In the photo I do not have of him,
his face harbors mine
the way water holds a gaze for as long
as it will look. A face can be commanded:
turn and face me, my mother said
when my sister asked why my nose was different.
Why my hair was thin and dark.
Because it has to be, she said.
Because is what a mother says when one daughter
has a father and the other does not.
But a face can say because too.
Because of your nose, mine.
Because you did not look,
I look and look. Because you are
no one, you are anyone—
turned-away flesh of my flesh,
the endless possibility of you.
This is to be an eyeball: his eyeball:
now his quicksilver feet, now mallards swooping
for fists of bread as he tosses. When my brother calls,
it is not to say hello but to see hello. To show me
he is the fastest boy in first grade,
to hold my face on the screen in his erratic hand.
Together we scale the neighbor’s fence,
my face looking at me looking
at what he sees. Ready, set, go, he sprints us
through unmown fields, his thumb obscuring
the pinhole camera, my thumb face miniature,
stark against the deep black screen. To give
time a face, to time the face as it changes.
He clamors toward what only he can see.
Soon he will lift his thumb. But for now
I wait in the threshold of who he is
and will be, his voice calling out
in the sweetness of his offering, to let me see,
to take me with him.
You are trailing somewhere behind me
on our walk, the first warm day of spring,
when I see it: heavy-lidded, unblinking
gape in the large faux eyes of a silk moth.

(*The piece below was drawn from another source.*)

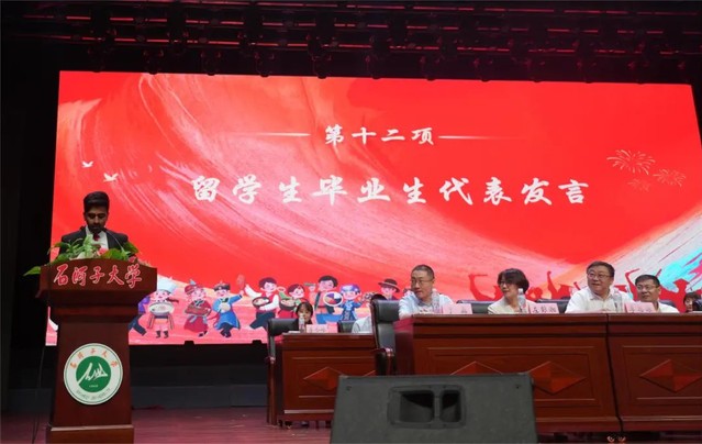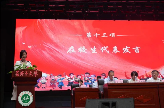 大会第十一项 研究生毕业生代表孙立明发言。他用石大是“港湾”是“舞台”回顾了在色情导航 求学的数载。分享了他通过重重考核成功入职开启自己“打工人”之旅的背后,是感恩母校为莘莘学子提供了系统的医学教育、扎实的科研训练,以及探索专业领域以外的平台和机会。

So darkly ringed. Brash, I think.
She is a woman who wants to be seen,
orbited by each face in a crowded room.
But how her hairstrand legs graze
invisibly the sweetgum bark—
her cryptic wings would keep me
from them, would tell me where
to look. No, not brash—her real gaze
is a secret. Even now, you crash
through the buttonweed and bluebonnets
toward me, in love, as I am
with the eyespot world. What is it
to be too touched, too seen? Look,
her cosmetic eyes brood, don’t look.